TASK STATEMENT >>
Using the data that follows, output only the lines from the line with "Mit dem Eternity-Band" up to and including the line with "The professional vacuum", exactly, leaving pictures aside.

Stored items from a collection
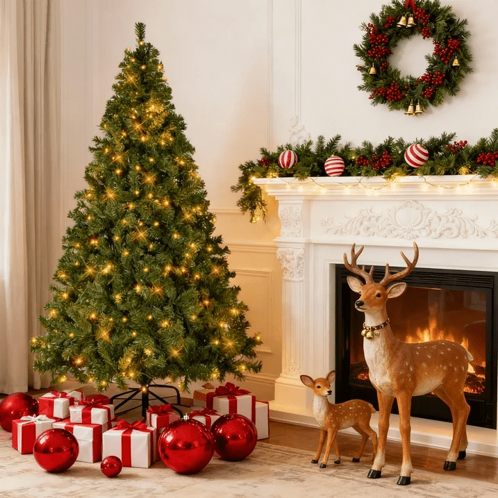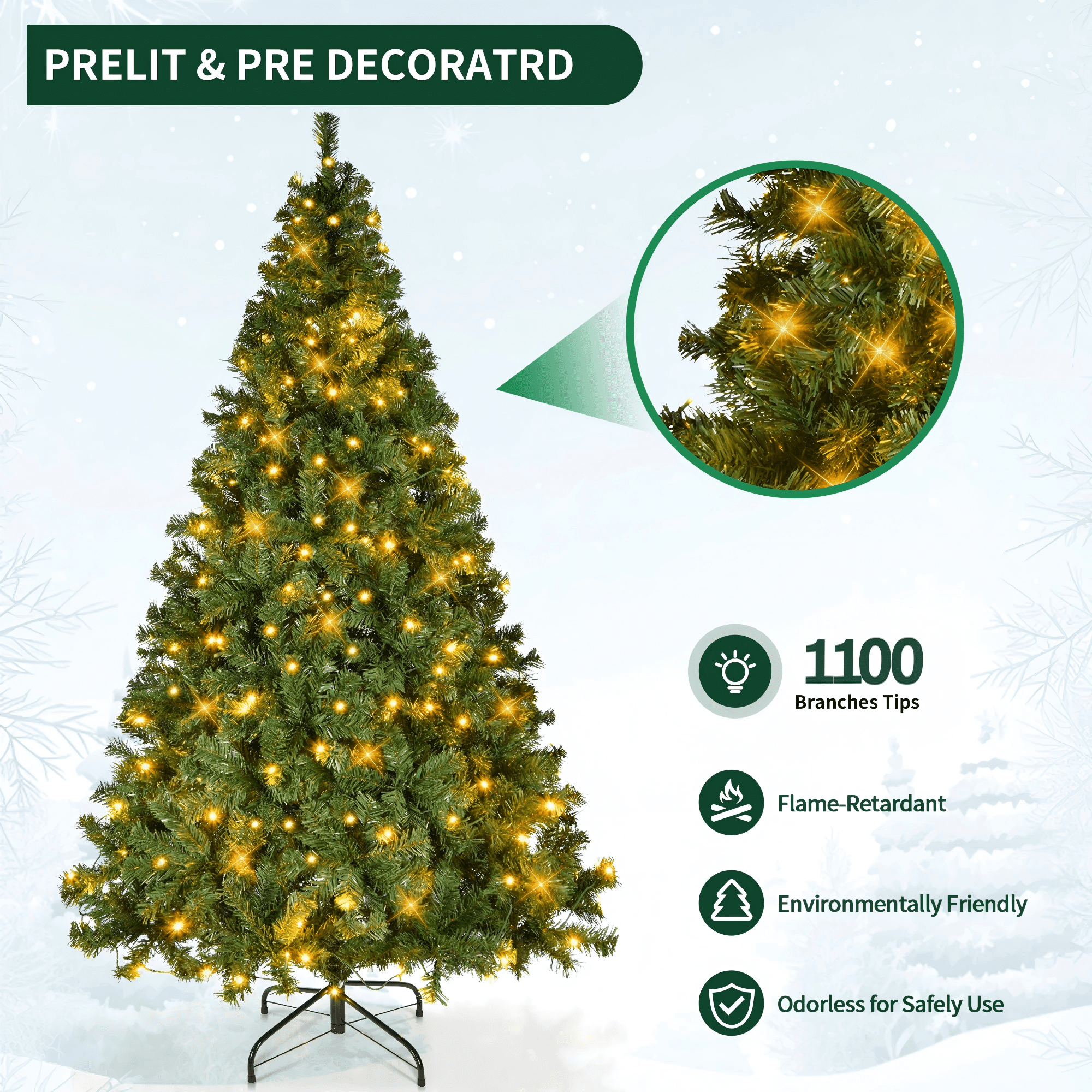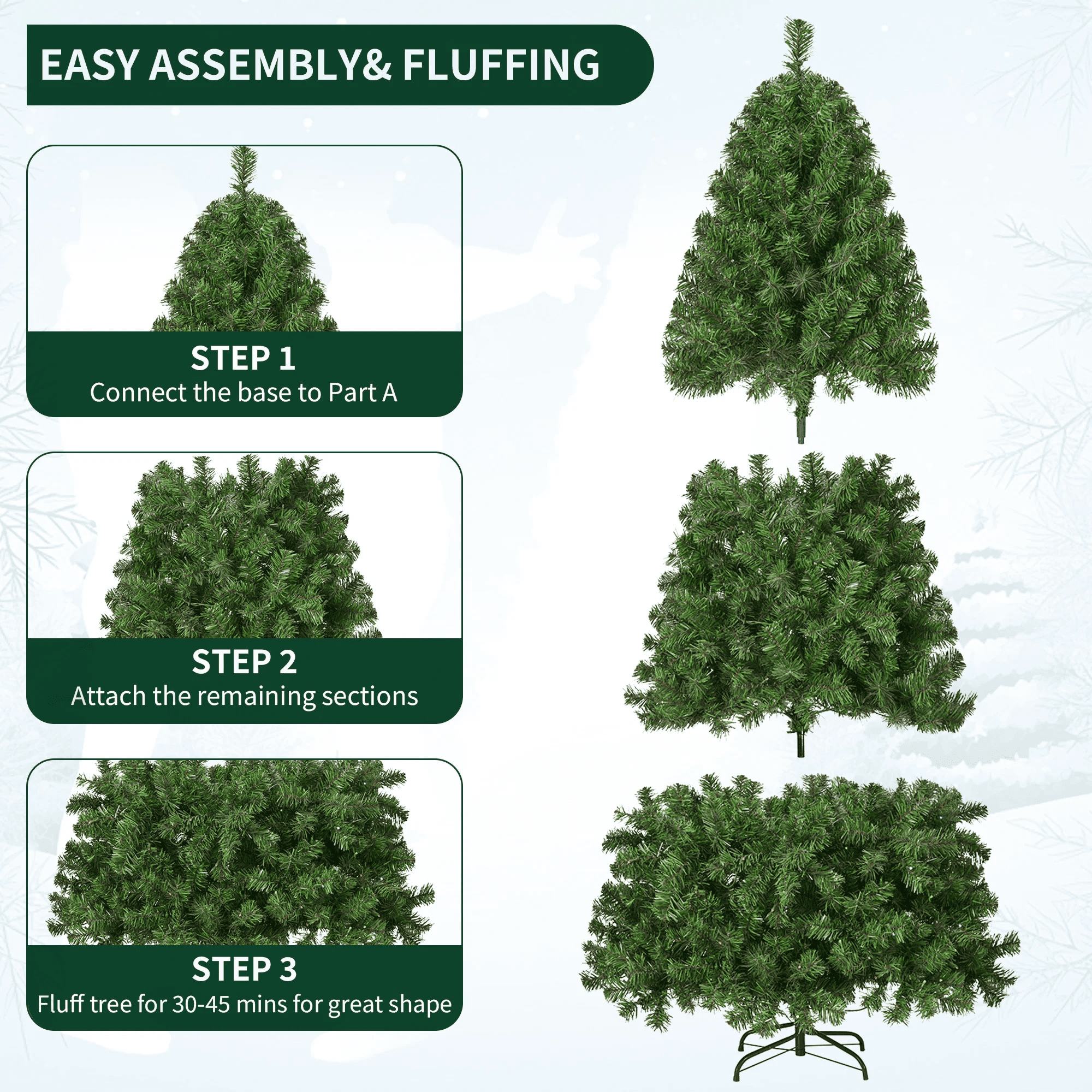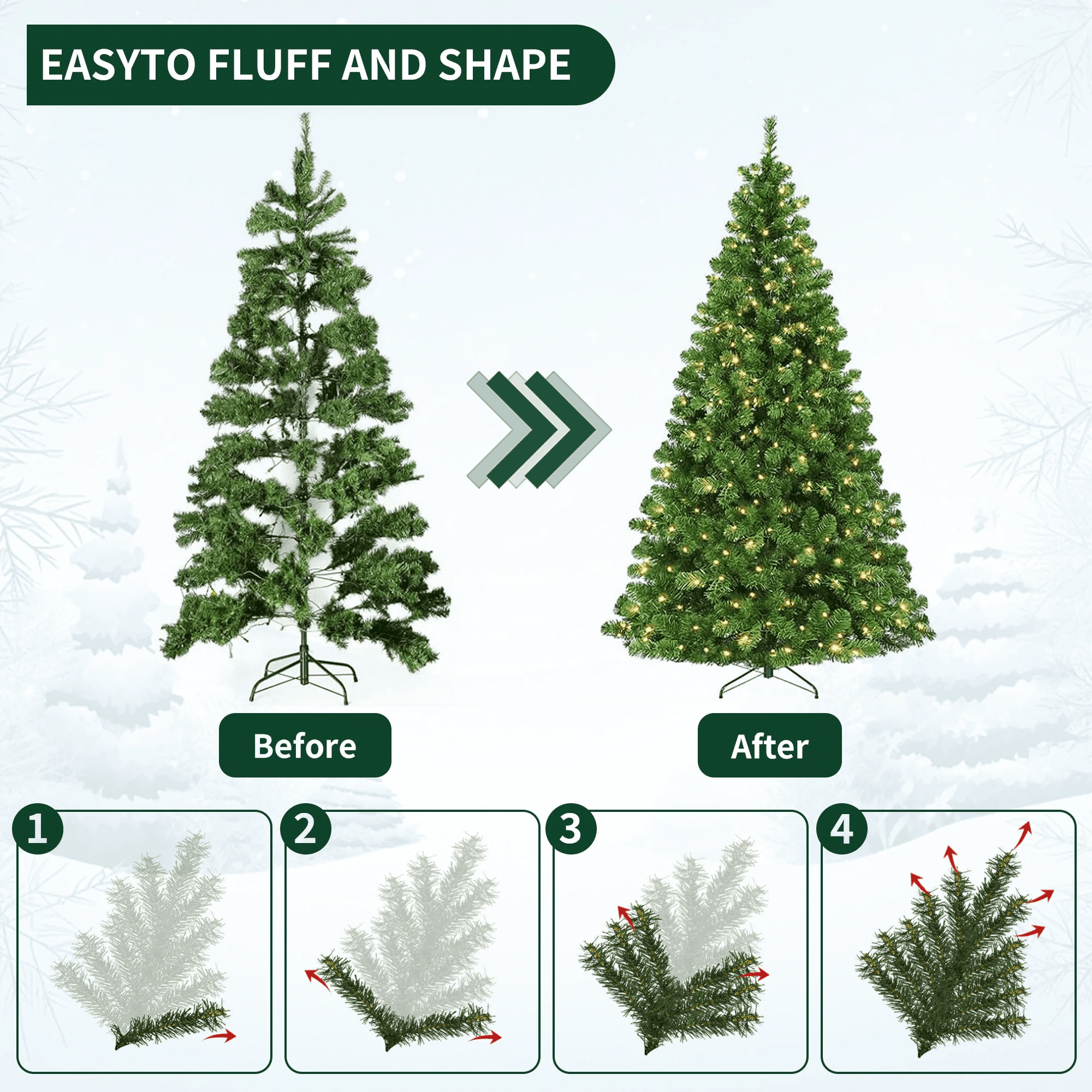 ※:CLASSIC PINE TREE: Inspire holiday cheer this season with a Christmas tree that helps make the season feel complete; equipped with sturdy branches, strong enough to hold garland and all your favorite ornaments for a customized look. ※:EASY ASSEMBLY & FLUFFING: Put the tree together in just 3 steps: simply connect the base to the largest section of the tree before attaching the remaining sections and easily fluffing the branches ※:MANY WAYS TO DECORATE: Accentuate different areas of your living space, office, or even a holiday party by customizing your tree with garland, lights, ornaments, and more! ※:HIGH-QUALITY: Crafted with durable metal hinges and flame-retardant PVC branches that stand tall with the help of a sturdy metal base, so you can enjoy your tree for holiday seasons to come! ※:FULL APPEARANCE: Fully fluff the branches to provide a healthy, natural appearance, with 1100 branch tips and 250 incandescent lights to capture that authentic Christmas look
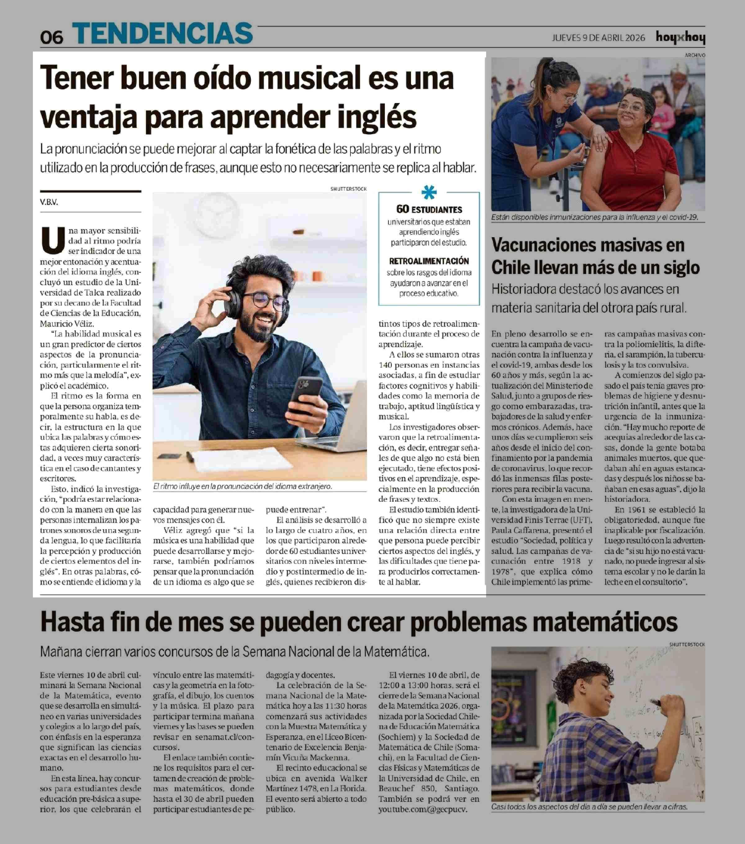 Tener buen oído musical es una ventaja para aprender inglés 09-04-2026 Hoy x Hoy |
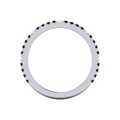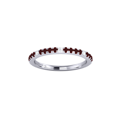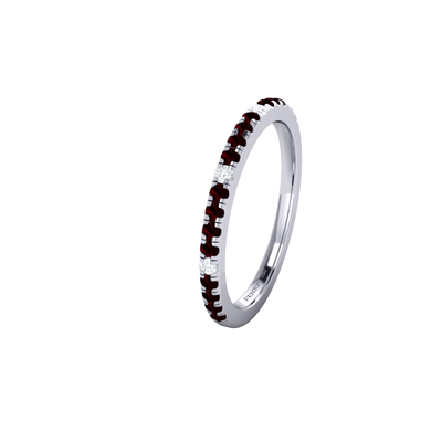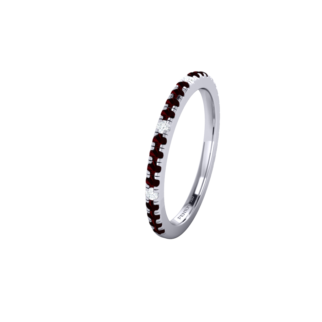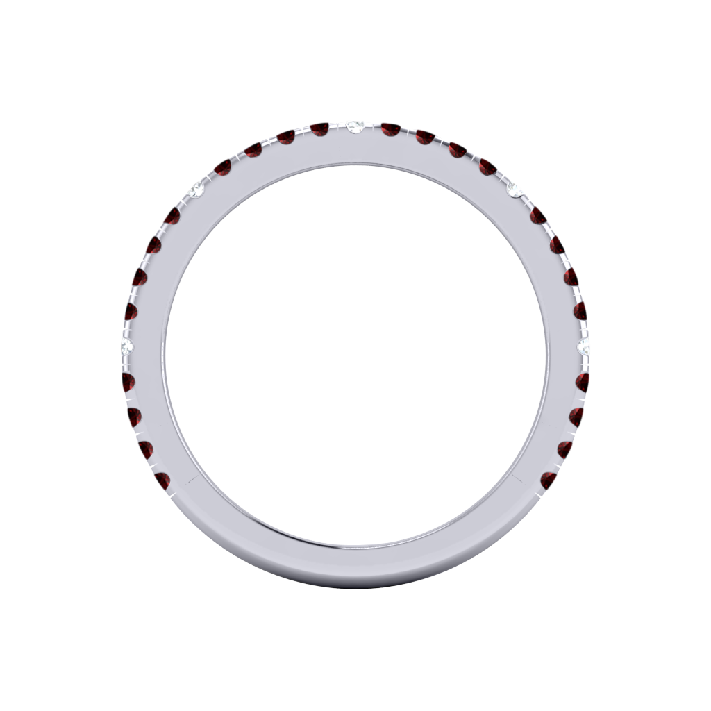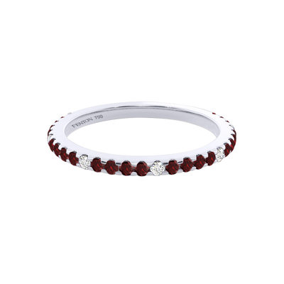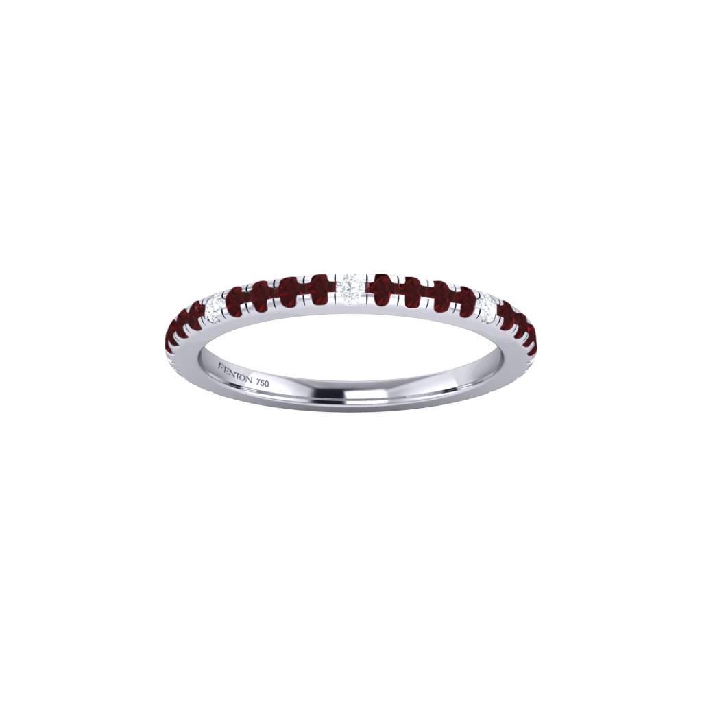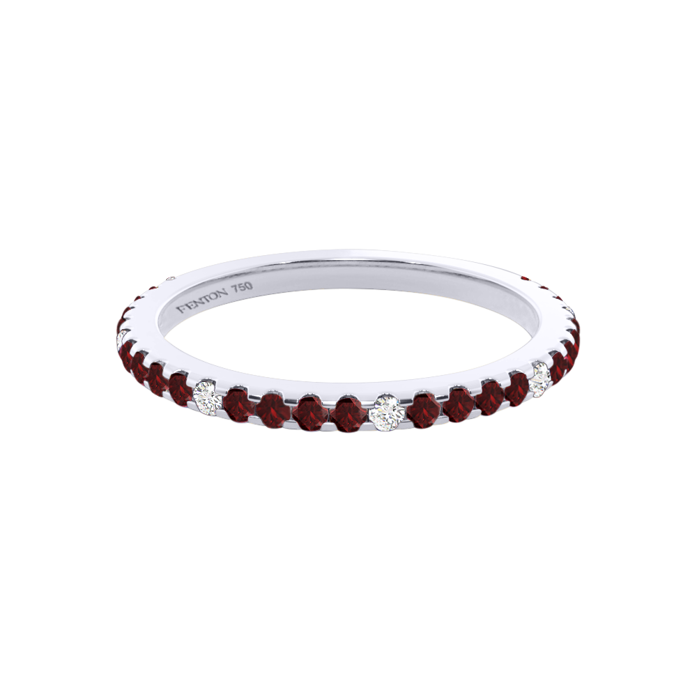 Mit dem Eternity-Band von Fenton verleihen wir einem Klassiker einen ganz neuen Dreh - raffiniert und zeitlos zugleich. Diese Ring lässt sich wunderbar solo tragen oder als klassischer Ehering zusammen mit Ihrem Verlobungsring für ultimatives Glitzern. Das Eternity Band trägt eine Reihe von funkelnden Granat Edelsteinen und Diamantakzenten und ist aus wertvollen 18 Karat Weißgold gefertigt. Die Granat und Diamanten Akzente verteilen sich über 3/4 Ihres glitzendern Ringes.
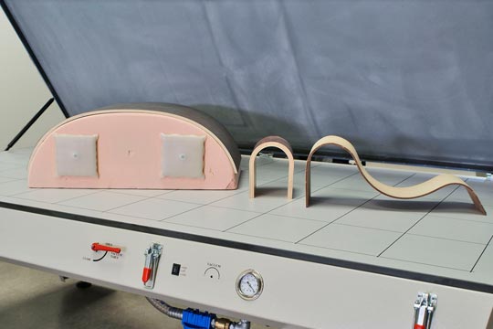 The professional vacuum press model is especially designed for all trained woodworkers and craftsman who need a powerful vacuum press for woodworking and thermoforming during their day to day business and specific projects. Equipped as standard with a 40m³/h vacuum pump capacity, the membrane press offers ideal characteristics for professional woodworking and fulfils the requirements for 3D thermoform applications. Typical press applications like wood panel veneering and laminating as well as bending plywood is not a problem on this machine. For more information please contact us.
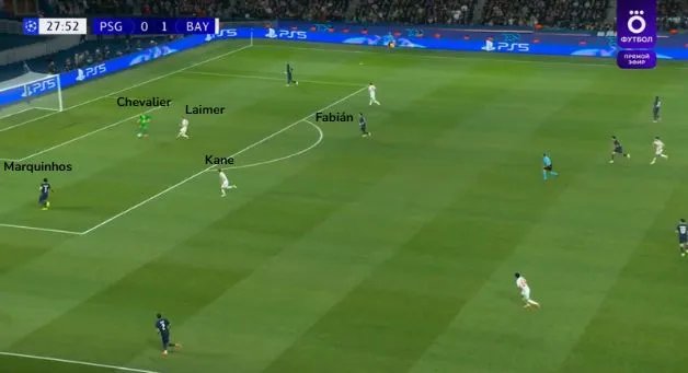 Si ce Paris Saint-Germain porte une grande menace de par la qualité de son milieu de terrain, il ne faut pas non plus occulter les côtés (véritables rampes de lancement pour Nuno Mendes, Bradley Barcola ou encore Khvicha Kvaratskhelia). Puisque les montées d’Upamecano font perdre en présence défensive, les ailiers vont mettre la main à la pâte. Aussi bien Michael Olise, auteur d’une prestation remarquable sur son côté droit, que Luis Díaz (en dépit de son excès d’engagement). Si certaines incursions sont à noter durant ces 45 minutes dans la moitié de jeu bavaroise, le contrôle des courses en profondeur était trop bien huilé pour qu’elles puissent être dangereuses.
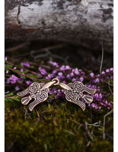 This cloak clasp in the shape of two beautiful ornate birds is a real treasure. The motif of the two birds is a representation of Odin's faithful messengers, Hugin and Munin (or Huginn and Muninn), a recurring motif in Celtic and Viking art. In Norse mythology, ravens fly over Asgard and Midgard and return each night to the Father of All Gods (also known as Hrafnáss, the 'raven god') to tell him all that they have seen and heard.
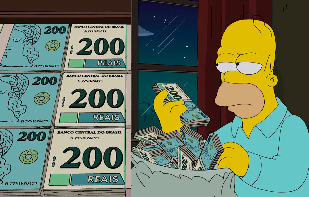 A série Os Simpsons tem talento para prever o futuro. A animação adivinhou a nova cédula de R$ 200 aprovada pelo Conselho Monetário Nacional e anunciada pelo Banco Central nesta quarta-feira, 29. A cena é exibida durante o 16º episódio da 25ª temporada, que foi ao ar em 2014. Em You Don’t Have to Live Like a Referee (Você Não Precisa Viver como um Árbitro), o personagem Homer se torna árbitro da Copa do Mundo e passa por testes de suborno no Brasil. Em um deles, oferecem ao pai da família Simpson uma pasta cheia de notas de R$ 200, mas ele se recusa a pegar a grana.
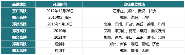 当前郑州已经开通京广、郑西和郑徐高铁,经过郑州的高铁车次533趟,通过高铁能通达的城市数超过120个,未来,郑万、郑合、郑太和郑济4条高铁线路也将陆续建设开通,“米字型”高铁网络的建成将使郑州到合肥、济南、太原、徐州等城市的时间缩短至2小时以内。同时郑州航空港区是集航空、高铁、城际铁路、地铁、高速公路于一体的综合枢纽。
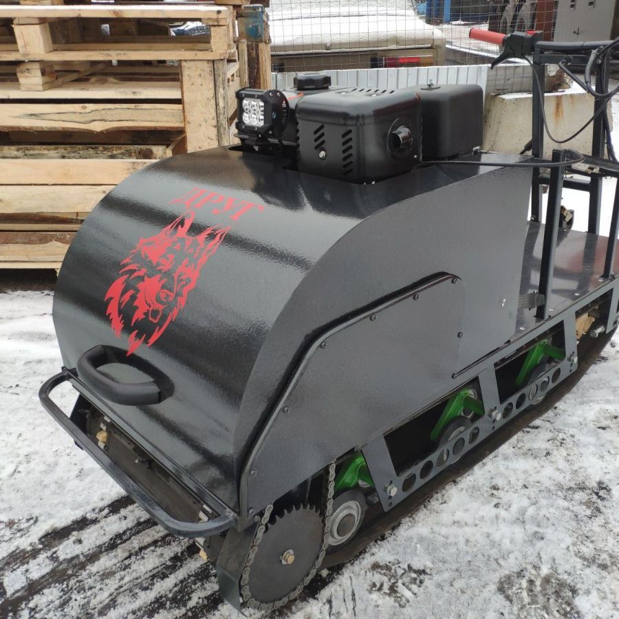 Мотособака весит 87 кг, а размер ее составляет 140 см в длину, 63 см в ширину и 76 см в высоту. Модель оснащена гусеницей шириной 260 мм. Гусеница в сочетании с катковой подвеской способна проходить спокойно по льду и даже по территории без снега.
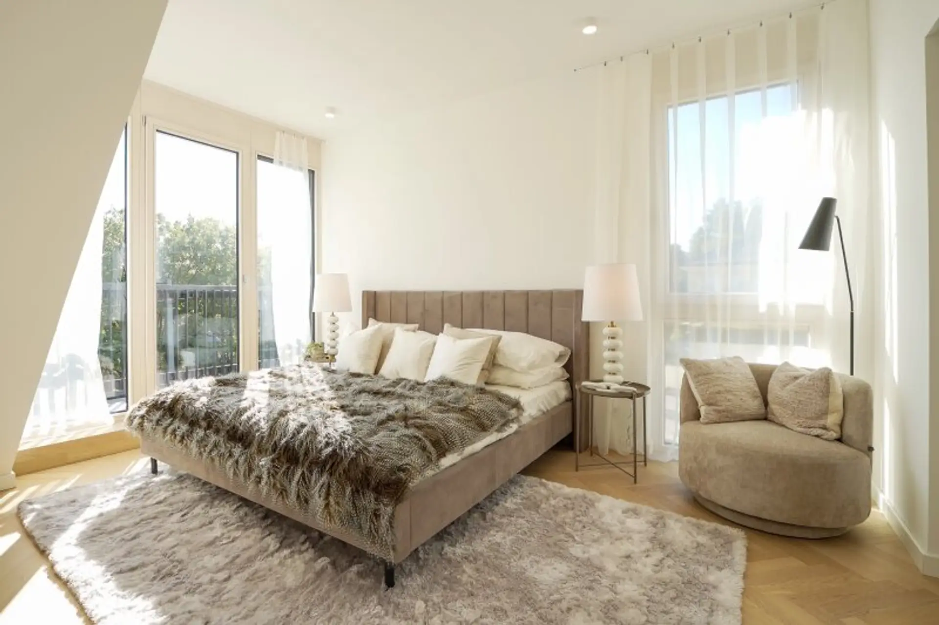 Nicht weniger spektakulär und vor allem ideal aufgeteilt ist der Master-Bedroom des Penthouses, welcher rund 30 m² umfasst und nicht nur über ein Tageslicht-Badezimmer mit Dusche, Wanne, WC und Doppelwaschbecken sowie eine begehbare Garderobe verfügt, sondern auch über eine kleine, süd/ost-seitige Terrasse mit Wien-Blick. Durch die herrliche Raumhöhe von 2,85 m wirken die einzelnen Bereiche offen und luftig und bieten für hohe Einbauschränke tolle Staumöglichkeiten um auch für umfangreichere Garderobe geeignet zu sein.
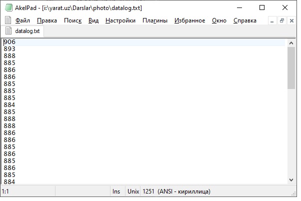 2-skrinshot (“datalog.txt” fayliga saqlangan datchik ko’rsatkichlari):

RESPONSE FOR THIS EXERCISE >>
 Mit dem Eternity-Band von Fenton verleihen wir einem Klassiker einen ganz neuen Dreh - raffiniert und zeitlos zugleich. Diese Ring lässt sich wunderbar solo tragen oder als klassischer Ehering zusammen mit Ihrem Verlobungsring für ultimatives Glitzern. Das Eternity Band trägt eine Reihe von funkelnden Granat Edelsteinen und Diamantakzenten und ist aus wertvollen 18 Karat Weißgold gefertigt. Die Granat und Diamanten Akzente verteilen sich über 3/4 Ihres glitzendern Ringes.
 The professional vacuum press model is especially designed for all trained woodworkers and craftsman who need a powerful vacuum press for woodworking and thermoforming during their day to day business and specific projects. Equipped as standard with a 40m³/h vacuum pump capacity, the membrane press offers ideal characteristics for professional woodworking and fulfils the requirements for 3D thermoform applications. Typical press applications like wood panel veneering and laminating as well as bending plywood is not a problem on this machine. For more information please contact us.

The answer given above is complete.